= Task =
Only one stretch of the listing below is wanted. Give it again exactly, from the line with "里克-卡莱尔谈到马瑟林也提到" through the line with "ENG: Spicy chicken".

= Data excerpts =
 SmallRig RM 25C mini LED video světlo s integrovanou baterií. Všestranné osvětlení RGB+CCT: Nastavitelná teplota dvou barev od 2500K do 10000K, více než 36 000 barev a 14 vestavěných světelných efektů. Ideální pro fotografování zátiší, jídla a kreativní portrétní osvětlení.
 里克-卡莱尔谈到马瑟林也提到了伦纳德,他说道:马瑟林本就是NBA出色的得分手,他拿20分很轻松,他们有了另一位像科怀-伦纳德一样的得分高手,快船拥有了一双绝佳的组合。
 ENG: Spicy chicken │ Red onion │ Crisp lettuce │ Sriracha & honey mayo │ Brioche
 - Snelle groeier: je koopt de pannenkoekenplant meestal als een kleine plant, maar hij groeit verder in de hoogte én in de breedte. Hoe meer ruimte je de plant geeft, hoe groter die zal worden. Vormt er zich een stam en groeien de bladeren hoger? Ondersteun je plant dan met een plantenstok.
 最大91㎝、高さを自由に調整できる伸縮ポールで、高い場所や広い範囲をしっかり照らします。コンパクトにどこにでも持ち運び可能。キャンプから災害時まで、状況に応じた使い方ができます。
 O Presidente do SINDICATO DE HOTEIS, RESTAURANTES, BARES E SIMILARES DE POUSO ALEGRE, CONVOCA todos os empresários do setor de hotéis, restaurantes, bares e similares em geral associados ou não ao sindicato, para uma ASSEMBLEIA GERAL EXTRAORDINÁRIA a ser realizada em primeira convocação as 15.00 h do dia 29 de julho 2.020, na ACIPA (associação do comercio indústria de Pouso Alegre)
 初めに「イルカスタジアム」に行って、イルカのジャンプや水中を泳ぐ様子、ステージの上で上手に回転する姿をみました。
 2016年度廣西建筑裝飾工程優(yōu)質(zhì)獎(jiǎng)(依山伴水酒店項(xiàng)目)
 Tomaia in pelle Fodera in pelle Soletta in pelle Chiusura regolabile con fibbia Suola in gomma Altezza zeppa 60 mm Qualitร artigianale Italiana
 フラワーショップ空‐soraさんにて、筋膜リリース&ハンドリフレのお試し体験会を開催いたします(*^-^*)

==

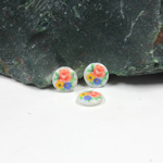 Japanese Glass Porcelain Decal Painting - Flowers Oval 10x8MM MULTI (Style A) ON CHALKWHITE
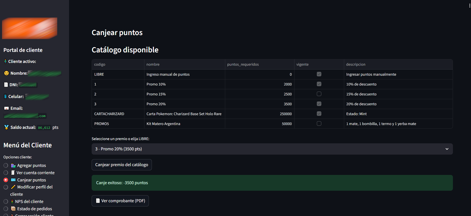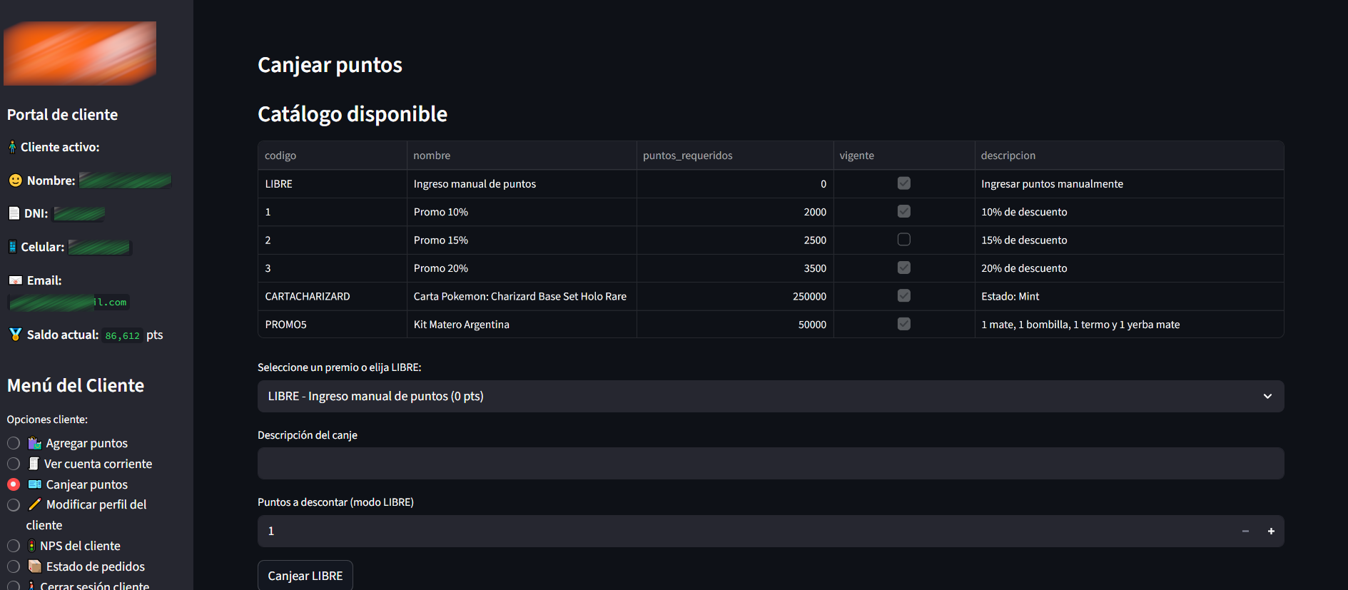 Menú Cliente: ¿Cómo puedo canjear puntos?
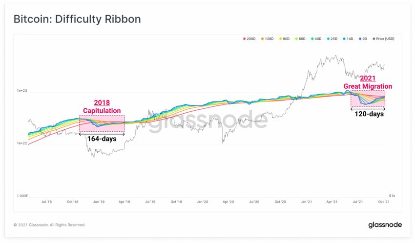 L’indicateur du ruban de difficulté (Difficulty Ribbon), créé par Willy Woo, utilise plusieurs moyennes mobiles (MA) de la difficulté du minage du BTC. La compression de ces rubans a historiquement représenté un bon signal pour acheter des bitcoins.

* * *

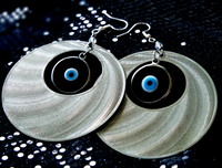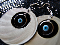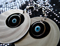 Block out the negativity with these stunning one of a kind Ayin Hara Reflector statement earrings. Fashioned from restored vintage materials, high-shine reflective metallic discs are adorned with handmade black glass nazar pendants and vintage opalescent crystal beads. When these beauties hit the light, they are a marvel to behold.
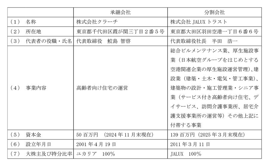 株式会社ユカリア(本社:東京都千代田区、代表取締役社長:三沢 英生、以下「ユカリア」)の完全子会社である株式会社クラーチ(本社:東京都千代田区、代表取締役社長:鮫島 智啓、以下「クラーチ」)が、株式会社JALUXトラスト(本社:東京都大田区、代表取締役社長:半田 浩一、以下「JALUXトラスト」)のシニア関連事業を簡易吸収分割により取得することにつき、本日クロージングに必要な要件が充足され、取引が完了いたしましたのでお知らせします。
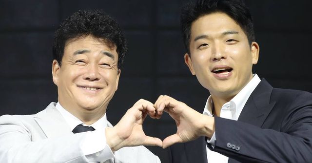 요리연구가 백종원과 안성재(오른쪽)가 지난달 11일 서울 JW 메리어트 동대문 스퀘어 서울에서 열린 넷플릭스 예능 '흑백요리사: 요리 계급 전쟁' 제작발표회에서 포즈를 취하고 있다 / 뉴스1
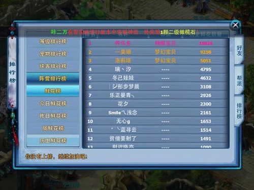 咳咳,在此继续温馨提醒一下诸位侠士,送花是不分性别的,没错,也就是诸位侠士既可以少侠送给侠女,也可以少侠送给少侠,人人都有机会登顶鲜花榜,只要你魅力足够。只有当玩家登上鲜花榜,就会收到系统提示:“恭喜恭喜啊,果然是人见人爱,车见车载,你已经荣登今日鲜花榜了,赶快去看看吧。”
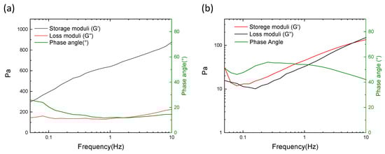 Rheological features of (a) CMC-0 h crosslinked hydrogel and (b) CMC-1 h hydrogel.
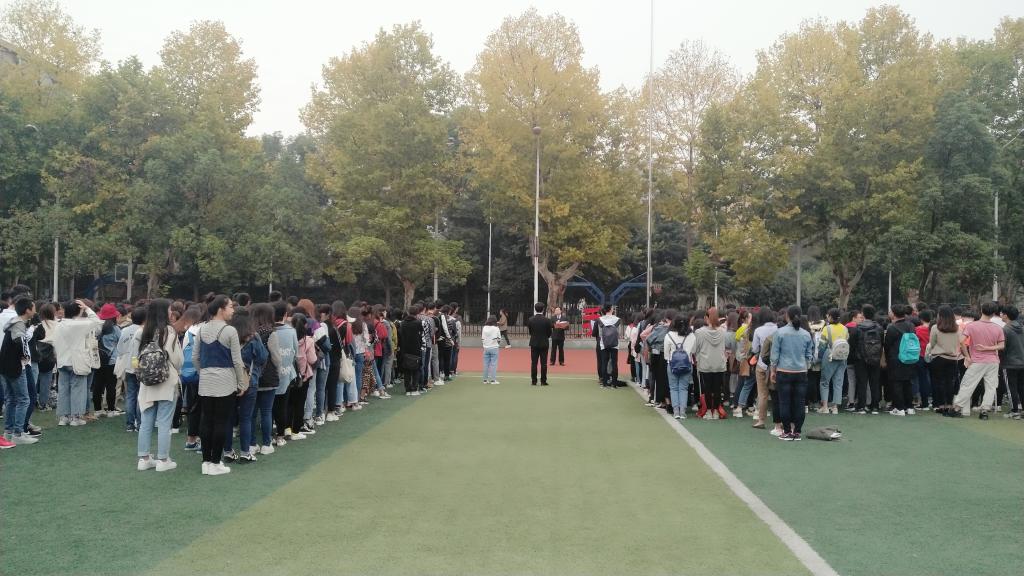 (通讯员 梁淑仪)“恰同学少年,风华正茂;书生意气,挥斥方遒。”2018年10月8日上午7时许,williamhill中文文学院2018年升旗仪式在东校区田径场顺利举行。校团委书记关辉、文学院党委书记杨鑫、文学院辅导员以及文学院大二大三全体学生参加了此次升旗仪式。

= Answer to this task =
 里克-卡莱尔谈到马瑟林也提到了伦纳德,他说道:马瑟林本就是NBA出色的得分手,他拿20分很轻松,他们有了另一位像科怀-伦纳德一样的得分高手,快船拥有了一双绝佳的组合。
 ENG: Spicy chicken │ Red onion │ Crisp lettuce │ Sriracha & honey mayo │ Brioche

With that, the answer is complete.